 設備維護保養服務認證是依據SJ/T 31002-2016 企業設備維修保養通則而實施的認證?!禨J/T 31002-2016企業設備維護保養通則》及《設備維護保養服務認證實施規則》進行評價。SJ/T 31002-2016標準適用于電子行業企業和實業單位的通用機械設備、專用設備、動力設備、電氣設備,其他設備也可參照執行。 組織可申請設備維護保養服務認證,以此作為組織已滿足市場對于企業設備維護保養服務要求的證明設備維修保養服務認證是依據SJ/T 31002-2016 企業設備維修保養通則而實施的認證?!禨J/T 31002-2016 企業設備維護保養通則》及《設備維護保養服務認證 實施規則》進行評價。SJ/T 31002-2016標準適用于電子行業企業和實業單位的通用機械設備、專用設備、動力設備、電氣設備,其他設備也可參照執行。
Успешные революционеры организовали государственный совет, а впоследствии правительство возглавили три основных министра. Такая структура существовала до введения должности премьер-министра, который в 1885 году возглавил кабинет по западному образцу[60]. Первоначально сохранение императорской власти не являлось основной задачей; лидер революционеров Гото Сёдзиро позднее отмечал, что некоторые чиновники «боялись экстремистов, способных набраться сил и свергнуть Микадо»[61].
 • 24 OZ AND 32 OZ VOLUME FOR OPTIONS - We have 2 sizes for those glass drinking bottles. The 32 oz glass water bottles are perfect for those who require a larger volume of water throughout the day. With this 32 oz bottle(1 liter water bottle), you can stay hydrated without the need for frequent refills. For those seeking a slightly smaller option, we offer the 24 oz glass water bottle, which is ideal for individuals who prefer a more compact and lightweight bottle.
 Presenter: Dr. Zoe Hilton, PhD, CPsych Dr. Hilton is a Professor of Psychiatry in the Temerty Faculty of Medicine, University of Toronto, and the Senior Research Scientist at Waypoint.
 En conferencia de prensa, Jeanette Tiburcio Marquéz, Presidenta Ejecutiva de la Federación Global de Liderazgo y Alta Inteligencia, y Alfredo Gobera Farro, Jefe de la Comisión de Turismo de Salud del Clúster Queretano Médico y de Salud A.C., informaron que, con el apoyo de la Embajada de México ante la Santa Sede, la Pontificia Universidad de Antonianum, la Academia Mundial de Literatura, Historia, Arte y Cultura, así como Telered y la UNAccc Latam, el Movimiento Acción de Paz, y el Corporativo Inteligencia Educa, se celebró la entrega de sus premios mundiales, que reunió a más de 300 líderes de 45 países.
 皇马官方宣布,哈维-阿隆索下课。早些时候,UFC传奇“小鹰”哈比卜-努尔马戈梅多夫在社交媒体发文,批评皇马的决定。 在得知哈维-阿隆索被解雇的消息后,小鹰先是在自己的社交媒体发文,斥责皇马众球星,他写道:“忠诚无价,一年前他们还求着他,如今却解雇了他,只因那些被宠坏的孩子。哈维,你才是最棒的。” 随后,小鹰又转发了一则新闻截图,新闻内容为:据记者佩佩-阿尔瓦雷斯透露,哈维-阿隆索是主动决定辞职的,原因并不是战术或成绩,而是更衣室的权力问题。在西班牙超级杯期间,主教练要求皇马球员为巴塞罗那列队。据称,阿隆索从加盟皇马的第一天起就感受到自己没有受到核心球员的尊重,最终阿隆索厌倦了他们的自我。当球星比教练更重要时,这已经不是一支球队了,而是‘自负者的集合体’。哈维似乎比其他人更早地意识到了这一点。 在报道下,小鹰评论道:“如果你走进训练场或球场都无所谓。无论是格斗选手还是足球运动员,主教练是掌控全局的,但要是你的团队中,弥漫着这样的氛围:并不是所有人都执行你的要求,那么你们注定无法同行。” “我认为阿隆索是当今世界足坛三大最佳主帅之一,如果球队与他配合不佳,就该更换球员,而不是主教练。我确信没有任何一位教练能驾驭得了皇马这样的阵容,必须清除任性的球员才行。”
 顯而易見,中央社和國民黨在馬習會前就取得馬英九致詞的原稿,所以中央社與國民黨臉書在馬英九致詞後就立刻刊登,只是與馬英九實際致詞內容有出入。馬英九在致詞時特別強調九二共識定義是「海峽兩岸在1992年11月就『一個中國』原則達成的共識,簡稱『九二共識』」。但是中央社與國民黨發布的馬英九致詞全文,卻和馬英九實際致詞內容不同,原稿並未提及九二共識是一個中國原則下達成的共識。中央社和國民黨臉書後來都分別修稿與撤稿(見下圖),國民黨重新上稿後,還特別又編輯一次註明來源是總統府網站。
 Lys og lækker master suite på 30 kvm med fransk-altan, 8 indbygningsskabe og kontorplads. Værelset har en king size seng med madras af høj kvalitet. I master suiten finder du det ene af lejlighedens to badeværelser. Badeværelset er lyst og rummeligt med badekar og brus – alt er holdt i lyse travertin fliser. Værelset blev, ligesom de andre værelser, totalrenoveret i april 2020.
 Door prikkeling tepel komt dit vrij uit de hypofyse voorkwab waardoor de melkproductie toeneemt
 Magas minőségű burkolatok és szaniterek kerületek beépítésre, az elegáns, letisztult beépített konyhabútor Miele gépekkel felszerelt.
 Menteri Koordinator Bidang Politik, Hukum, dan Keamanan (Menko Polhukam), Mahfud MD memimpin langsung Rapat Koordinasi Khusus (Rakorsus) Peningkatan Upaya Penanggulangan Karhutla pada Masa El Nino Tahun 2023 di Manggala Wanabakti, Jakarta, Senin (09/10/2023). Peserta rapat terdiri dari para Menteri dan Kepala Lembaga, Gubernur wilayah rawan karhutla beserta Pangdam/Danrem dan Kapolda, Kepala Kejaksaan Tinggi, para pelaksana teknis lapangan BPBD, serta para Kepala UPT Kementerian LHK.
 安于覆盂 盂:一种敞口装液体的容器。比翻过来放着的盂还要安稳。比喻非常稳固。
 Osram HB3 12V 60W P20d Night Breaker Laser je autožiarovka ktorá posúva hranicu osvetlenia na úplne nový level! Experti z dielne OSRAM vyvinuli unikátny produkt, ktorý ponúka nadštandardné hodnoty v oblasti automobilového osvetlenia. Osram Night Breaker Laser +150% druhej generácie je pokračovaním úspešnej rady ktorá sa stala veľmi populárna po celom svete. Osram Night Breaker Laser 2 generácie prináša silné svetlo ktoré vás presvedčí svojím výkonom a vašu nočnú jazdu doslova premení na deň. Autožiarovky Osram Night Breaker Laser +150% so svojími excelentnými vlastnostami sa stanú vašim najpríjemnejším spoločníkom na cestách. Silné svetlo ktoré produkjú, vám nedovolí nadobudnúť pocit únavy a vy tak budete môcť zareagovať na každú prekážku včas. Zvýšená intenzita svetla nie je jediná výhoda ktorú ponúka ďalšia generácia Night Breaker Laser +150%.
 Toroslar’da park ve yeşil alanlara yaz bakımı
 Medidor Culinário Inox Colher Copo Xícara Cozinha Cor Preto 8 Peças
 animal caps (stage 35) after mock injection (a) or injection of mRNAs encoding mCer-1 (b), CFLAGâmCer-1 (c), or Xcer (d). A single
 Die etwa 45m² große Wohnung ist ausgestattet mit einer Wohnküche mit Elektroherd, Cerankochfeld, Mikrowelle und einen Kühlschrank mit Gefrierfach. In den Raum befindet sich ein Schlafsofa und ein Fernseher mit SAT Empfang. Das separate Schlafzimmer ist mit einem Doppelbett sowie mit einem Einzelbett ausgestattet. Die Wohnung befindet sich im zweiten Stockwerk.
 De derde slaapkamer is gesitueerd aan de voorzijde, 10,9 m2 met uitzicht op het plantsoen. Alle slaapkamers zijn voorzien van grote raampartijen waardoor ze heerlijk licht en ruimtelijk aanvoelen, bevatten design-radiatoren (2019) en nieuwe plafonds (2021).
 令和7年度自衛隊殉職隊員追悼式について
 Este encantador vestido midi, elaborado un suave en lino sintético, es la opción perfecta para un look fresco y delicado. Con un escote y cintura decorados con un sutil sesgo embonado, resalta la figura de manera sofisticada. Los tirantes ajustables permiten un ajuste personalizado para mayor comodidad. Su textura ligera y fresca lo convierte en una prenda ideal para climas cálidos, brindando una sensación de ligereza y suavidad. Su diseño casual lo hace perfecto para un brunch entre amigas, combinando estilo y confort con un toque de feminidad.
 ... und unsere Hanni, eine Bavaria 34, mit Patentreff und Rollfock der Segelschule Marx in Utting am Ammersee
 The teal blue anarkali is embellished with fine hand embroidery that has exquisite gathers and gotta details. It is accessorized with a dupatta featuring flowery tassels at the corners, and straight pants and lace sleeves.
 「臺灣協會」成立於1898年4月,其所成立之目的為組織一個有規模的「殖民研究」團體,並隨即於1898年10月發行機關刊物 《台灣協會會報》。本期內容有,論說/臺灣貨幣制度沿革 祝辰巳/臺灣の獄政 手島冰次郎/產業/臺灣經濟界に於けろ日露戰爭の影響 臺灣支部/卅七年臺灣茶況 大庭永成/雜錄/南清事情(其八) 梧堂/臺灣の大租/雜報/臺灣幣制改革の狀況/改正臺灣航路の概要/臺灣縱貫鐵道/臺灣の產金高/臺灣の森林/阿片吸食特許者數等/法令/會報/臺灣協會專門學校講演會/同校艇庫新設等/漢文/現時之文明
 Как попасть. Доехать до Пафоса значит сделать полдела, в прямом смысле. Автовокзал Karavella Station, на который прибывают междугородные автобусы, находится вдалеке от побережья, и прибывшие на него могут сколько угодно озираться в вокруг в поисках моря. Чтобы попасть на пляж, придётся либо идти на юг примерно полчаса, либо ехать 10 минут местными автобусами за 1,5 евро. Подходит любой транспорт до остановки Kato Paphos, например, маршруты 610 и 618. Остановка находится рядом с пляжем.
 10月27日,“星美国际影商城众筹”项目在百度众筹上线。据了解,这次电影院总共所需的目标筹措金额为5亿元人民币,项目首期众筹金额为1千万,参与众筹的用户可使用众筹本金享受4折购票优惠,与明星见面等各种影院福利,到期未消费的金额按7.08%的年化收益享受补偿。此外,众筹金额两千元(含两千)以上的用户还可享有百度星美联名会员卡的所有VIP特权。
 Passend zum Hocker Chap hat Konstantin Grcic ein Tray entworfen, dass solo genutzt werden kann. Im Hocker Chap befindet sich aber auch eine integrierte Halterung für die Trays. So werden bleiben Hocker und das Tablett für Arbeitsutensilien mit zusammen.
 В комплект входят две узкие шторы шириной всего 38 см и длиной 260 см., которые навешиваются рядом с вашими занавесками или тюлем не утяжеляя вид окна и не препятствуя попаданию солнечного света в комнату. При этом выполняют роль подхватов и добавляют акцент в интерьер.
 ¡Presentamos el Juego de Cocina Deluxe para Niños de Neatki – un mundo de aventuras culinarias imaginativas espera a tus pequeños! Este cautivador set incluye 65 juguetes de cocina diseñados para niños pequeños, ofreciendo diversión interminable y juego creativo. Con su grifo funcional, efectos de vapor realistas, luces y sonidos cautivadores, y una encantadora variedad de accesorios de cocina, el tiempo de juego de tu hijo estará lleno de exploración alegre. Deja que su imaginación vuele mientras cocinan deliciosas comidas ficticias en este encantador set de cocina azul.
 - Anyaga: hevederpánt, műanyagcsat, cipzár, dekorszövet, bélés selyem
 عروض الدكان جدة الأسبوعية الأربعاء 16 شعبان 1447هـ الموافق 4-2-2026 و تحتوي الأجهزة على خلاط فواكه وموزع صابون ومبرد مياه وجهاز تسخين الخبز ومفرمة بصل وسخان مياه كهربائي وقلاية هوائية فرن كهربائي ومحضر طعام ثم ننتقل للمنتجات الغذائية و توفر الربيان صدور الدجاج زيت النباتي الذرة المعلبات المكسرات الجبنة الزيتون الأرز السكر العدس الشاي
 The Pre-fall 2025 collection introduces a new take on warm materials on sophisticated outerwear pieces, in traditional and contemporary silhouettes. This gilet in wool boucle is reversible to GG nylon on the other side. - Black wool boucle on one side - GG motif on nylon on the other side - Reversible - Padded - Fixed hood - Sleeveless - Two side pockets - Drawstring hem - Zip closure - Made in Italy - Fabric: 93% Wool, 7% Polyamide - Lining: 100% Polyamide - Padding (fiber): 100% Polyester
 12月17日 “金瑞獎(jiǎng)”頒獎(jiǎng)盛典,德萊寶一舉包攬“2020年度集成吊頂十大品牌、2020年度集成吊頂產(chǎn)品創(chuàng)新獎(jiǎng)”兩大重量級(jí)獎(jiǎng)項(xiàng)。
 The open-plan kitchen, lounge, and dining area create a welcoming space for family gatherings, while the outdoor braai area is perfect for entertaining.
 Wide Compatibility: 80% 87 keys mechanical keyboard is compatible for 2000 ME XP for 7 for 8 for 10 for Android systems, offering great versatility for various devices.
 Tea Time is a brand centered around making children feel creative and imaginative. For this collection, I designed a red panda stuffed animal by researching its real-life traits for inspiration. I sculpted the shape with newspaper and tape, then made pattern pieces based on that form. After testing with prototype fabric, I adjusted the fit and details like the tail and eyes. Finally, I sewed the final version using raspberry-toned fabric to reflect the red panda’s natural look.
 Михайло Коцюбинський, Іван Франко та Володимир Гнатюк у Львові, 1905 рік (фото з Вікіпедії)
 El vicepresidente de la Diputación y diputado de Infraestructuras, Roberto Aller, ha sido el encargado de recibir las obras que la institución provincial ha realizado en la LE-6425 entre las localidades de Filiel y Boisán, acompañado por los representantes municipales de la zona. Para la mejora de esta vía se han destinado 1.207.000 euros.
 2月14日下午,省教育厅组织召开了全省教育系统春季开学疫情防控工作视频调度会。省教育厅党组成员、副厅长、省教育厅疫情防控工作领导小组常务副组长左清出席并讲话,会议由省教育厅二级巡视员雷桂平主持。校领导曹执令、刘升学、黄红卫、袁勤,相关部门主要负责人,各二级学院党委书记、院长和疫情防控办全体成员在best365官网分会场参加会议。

◇ ◇ ◇ ◇ ◇ ◇ ◇

◆ **Description of the task**
Repeat, character for character, the lines of the material above from the line with "Как попасть. Доехать" through the line with "عروض الدكان جدة".

◆ **Exercise output**
 Как попасть. Доехать до Пафоса значит сделать полдела, в прямом смысле. Автовокзал Karavella Station, на который прибывают междугородные автобусы, находится вдалеке от побережья, и прибывшие на него могут сколько угодно озираться в вокруг в поисках моря. Чтобы попасть на пляж, придётся либо идти на юг примерно полчаса, либо ехать 10 минут местными автобусами за 1,5 евро. Подходит любой транспорт до остановки Kato Paphos, например, маршруты 610 и 618. Остановка находится рядом с пляжем.
 10月27日,“星美国际影商城众筹”项目在百度众筹上线。据了解,这次电影院总共所需的目标筹措金额为5亿元人民币,项目首期众筹金额为1千万,参与众筹的用户可使用众筹本金享受4折购票优惠,与明星见面等各种影院福利,到期未消费的金额按7.08%的年化收益享受补偿。此外,众筹金额两千元(含两千)以上的用户还可享有百度星美联名会员卡的所有VIP特权。
 Passend zum Hocker Chap hat Konstantin Grcic ein Tray entworfen, dass solo genutzt werden kann. Im Hocker Chap befindet sich aber auch eine integrierte Halterung für die Trays. So werden bleiben Hocker und das Tablett für Arbeitsutensilien mit zusammen.
 В комплект входят две узкие шторы шириной всего 38 см и длиной 260 см., которые навешиваются рядом с вашими занавесками или тюлем не утяжеляя вид окна и не препятствуя попаданию солнечного света в комнату. При этом выполняют роль подхватов и добавляют акцент в интерьер.
 ¡Presentamos el Juego de Cocina Deluxe para Niños de Neatki – un mundo de aventuras culinarias imaginativas espera a tus pequeños! Este cautivador set incluye 65 juguetes de cocina diseñados para niños pequeños, ofreciendo diversión interminable y juego creativo. Con su grifo funcional, efectos de vapor realistas, luces y sonidos cautivadores, y una encantadora variedad de accesorios de cocina, el tiempo de juego de tu hijo estará lleno de exploración alegre. Deja que su imaginación vuele mientras cocinan deliciosas comidas ficticias en este encantador set de cocina azul.
 - Anyaga: hevederpánt, műanyagcsat, cipzár, dekorszövet, bélés selyem
 عروض الدكان جدة الأسبوعية الأربعاء 16 شعبان 1447هـ الموافق 4-2-2026 و تحتوي الأجهزة على خلاط فواكه وموزع صابون ومبرد مياه وجهاز تسخين الخبز ومفرمة بصل وسخان مياه كهربائي وقلاية هوائية فرن كهربائي ومحضر طعام ثم ننتقل للمنتجات الغذائية و توفر الربيان صدور الدجاج زيت النباتي الذرة المعلبات المكسرات الجبنة الزيتون الأرز السكر العدس الشاي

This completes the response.